Data segment Block Start
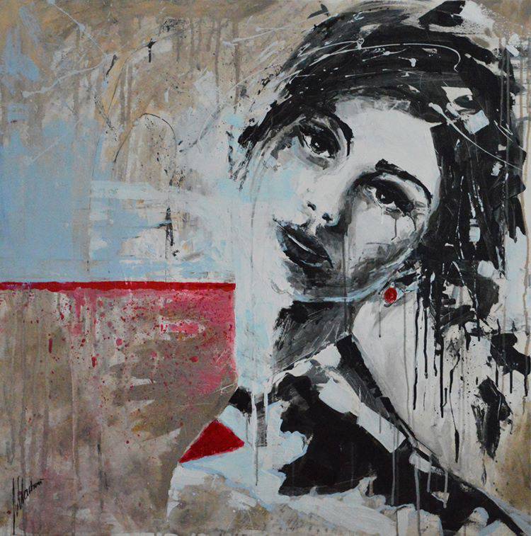 Obraz przedstawia portret kobiety, na którym dominują chłodne szarości i kontrastująca czerwień. Jej twarz wychyla się z kompozycji za pomocą miękkich, wyrazistych linii. Czarne akcenty włosów wprowadzają dynamikę, jakby właśnie przetoczył się gwałtowny podmuch wiatru. Tło jest abstrakcyjne, z rozmytymi plamami błękitu i beżu, które nadają uczucie pewnej nostalgii, a może nawet melancholii. To obraz pełen "enigmy", bo patrzysz i nie wiesz, o co chodzi, ale chcesz wiedzieć więcej. Artysta zastosował technikę mieszanej akwareli i gęstych impastów. Wyczuwa się tu swobodę ruchu pędzla, spontaniczność nakładania kolorów i tekstur, co tworzy efekt harmonijnego chaosu. Styl pochodzi jakby z pogranicza ekspresjonizmu i czegoś bardziej nowoczesnego, może street artu. Obraz emanuje spokojem, ale też tajemnicą, budząc różne emocje. Dla jednego może to być smutek, dla innego zaduma nad przemijalnością. A może po prostu jest to kobieta, która dzień przeżyła w zamyśleniu. Widok jej delikatnego uśmiechu i subtelnym spojrzeniem przywołuje uczucia bliskości i zrozumienia. "To wygląda jak moja mama!" – powiedziałoby 7-letnie dziecko, widząc znajomy wyraz twarzy. W tym wszystkim można poczuć, jak artysta bawi się przestrzenią i czasem, jakby próbował zamknąć chwilę w nieskończoności. Ten lekki dysonans między spokojem a intensywnością przyciąga i skłania do dłuższego zastanowienia. Co w niej jest takiego, że tak przyciąga wzrok?
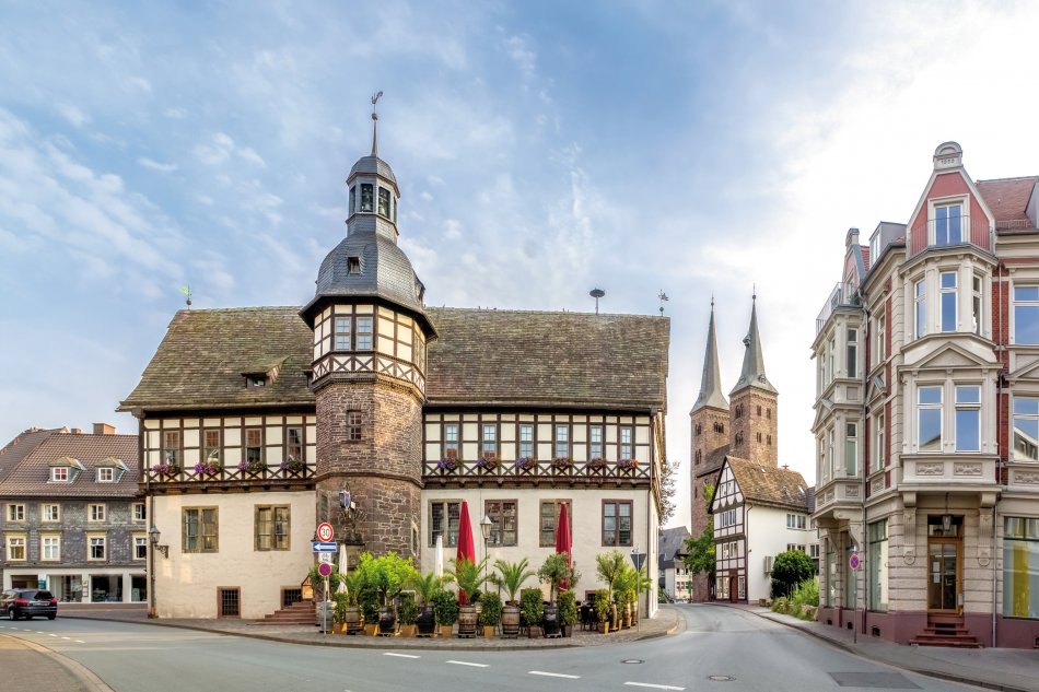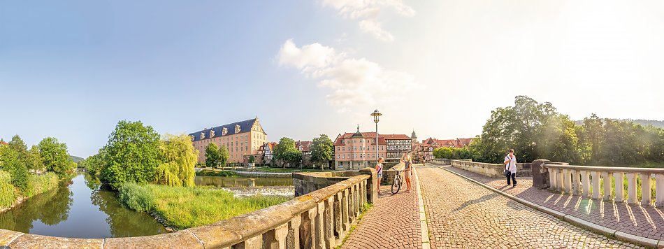 Dort, wo die Weser entsteht, in Hann. Münden, wechseln Sie von unserem Fahrradbus aufs Rad und radeln nach Bad Karlshafen. Die Stadt gilt als eine der Perlen des Weserberglandes und ist auch bekannt als„Stadt der Solequellen“.
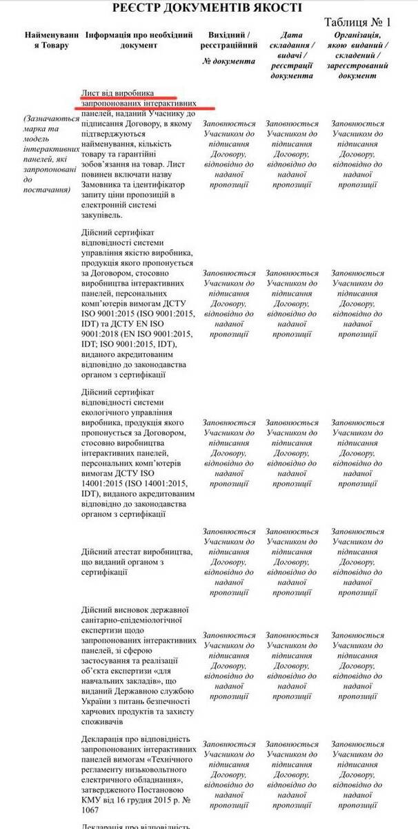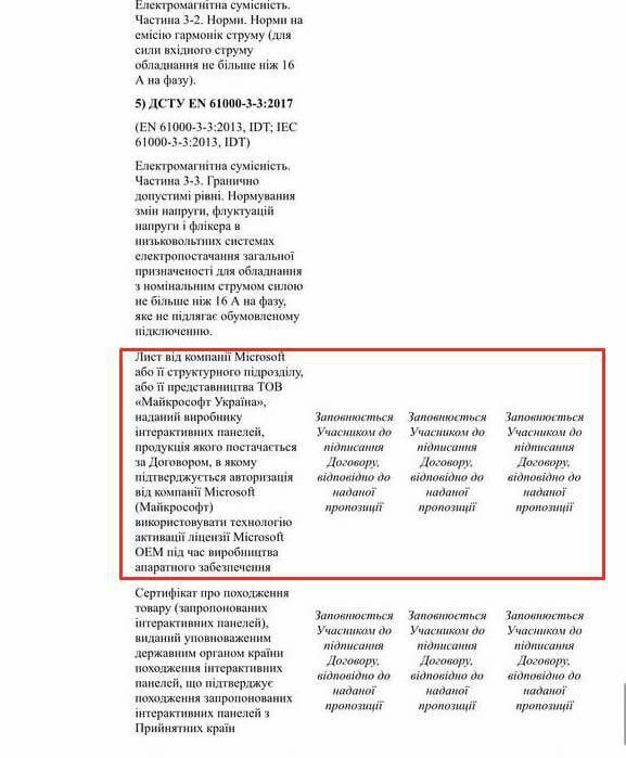 Как и в предыдущих закупках интерактивных панелей, в тендерной документации вновь появились требования, которые не предусмотрены законом. Среди них:
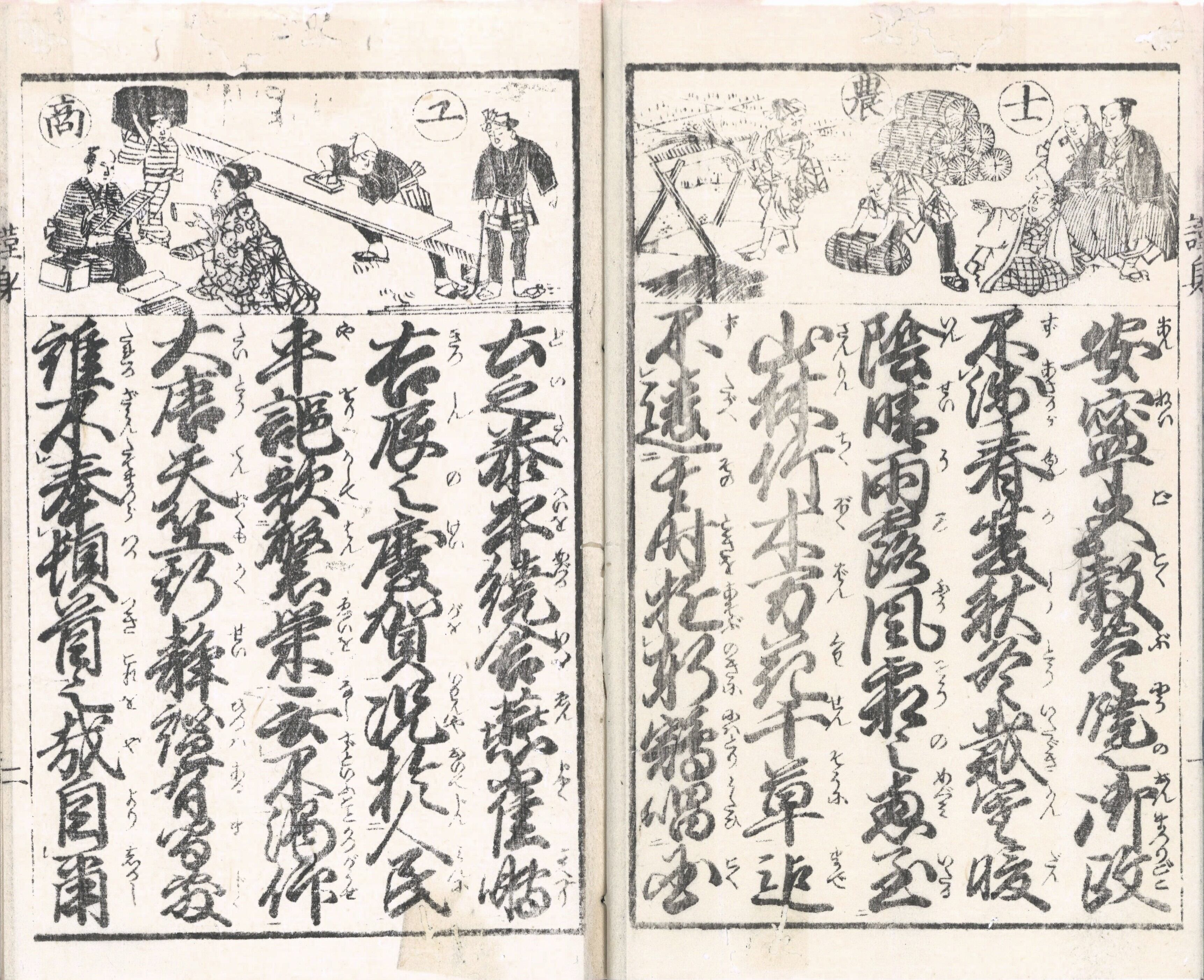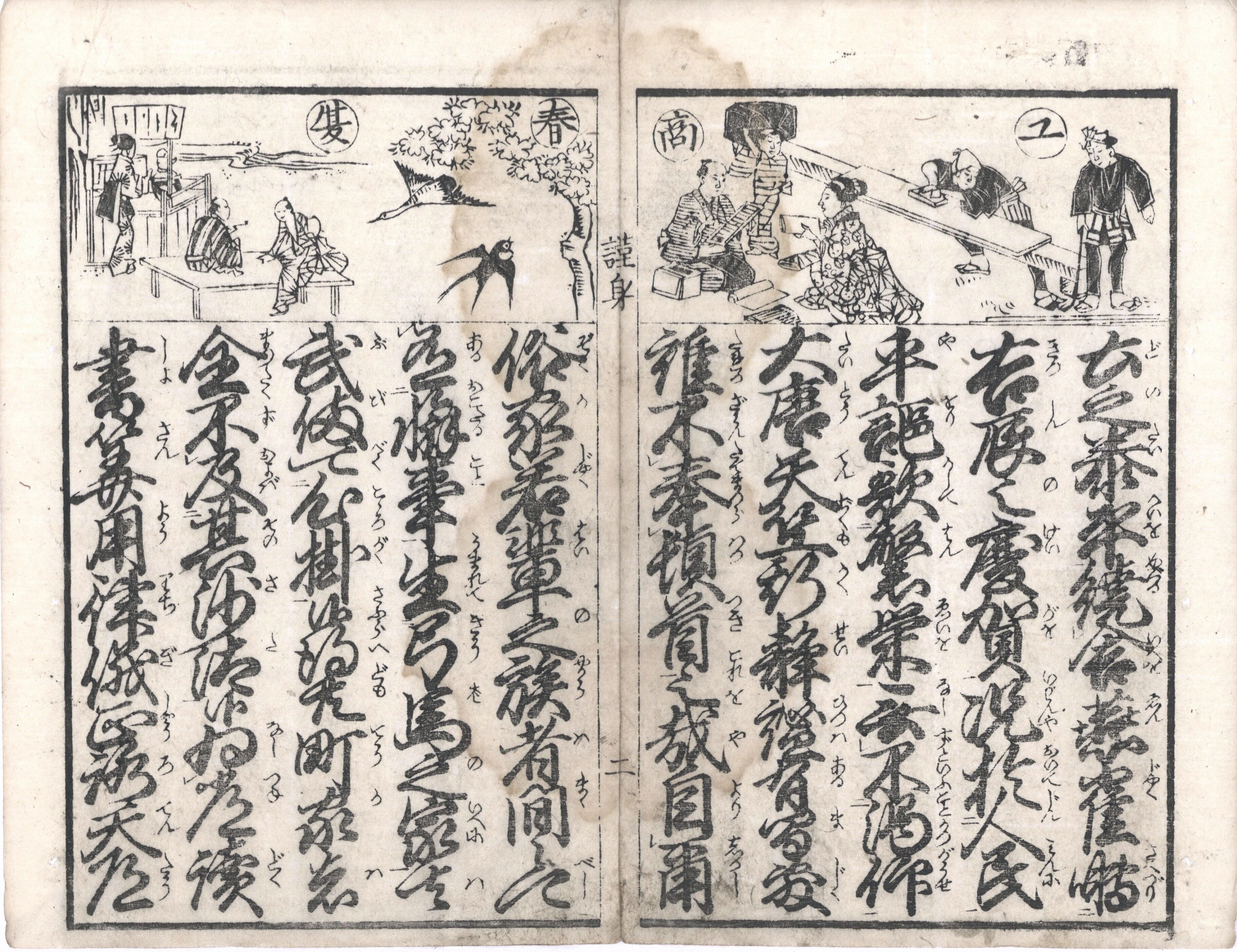 【備考】分類「往来物」。同板2種を全冊収録(前半早印本は袋綴じ展開収録、後半後印本は通常収録)し、冒頭に書袋を収録した。『謹身往来』は、主に江戸町人のために日常語や生活心得全般を綴った往来。準漢文体の文章で、まず「抑教之有増者、人々心得可有事、先以、四海波静治、目出度御代、日夜朝暮三綱五常之道行、国民安寧、五穀富饒之御政不浅…」と国家泰平を謳歌する文言から書き始め、町人子弟の心得(学業・行状・悪行)、公序良俗、江戸の名所・名物、家庭医療、衣類、工芸品、宗教、諸職・諸商人(諸商品)、家財等にいたる用語・知識を列挙し、最後に、善悪を弁えて煩悩や瞋恚を去り、倹約・算勘・柔和・忍辱・忠義・孝行・勤勉に生きるべきことを諭す。底本は、同本文を5行・付訓で記し、表紙見返しに「菅原道真の肖像と和歌を掲げ、冒頭2丁半の頭書に読書指南図や士農工商図を掲げる。SE03104
Data segment Block End
I would like the data above transcribed exactly, with its pictures left out.

● **Reply to the task**
 Obraz przedstawia portret kobiety, na którym dominują chłodne szarości i kontrastująca czerwień. Jej twarz wychyla się z kompozycji za pomocą miękkich, wyrazistych linii. Czarne akcenty włosów wprowadzają dynamikę, jakby właśnie przetoczył się gwałtowny podmuch wiatru. Tło jest abstrakcyjne, z rozmytymi plamami błękitu i beżu, które nadają uczucie pewnej nostalgii, a może nawet melancholii. To obraz pełen "enigmy", bo patrzysz i nie wiesz, o co chodzi, ale chcesz wiedzieć więcej. Artysta zastosował technikę mieszanej akwareli i gęstych impastów. Wyczuwa się tu swobodę ruchu pędzla, spontaniczność nakładania kolorów i tekstur, co tworzy efekt harmonijnego chaosu. Styl pochodzi jakby z pogranicza ekspresjonizmu i czegoś bardziej nowoczesnego, może street artu. Obraz emanuje spokojem, ale też tajemnicą, budząc różne emocje. Dla jednego może to być smutek, dla innego zaduma nad przemijalnością. A może po prostu jest to kobieta, która dzień przeżyła w zamyśleniu. Widok jej delikatnego uśmiechu i subtelnym spojrzeniem przywołuje uczucia bliskości i zrozumienia. "To wygląda jak moja mama!" – powiedziałoby 7-letnie dziecko, widząc znajomy wyraz twarzy. W tym wszystkim można poczuć, jak artysta bawi się przestrzenią i czasem, jakby próbował zamknąć chwilę w nieskończoności. Ten lekki dysonans między spokojem a intensywnością przyciąga i skłania do dłuższego zastanowienia. Co w niej jest takiego, że tak przyciąga wzrok?
 Dort, wo die Weser entsteht, in Hann. Münden, wechseln Sie von unserem Fahrradbus aufs Rad und radeln nach Bad Karlshafen. Die Stadt gilt als eine der Perlen des Weserberglandes und ist auch bekannt als„Stadt der Solequellen“.
 Как и в предыдущих закупках интерактивных панелей, в тендерной документации вновь появились требования, которые не предусмотрены законом. Среди них:
 【備考】分類「往来物」。同板2種を全冊収録(前半早印本は袋綴じ展開収録、後半後印本は通常収録)し、冒頭に書袋を収録した。『謹身往来』は、主に江戸町人のために日常語や生活心得全般を綴った往来。準漢文体の文章で、まず「抑教之有増者、人々心得可有事、先以、四海波静治、目出度御代、日夜朝暮三綱五常之道行、国民安寧、五穀富饒之御政不浅…」と国家泰平を謳歌する文言から書き始め、町人子弟の心得(学業・行状・悪行)、公序良俗、江戸の名所・名物、家庭医療、衣類、工芸品、宗教、諸職・諸商人(諸商品)、家財等にいたる用語・知識を列挙し、最後に、善悪を弁えて煩悩や瞋恚を去り、倹約・算勘・柔和・忍辱・忠義・孝行・勤勉に生きるべきことを諭す。底本は、同本文を5行・付訓で記し、表紙見返しに「菅原道真の肖像と和歌を掲げ、冒頭2丁半の頭書に読書指南図や士農工商図を掲げる。SE03104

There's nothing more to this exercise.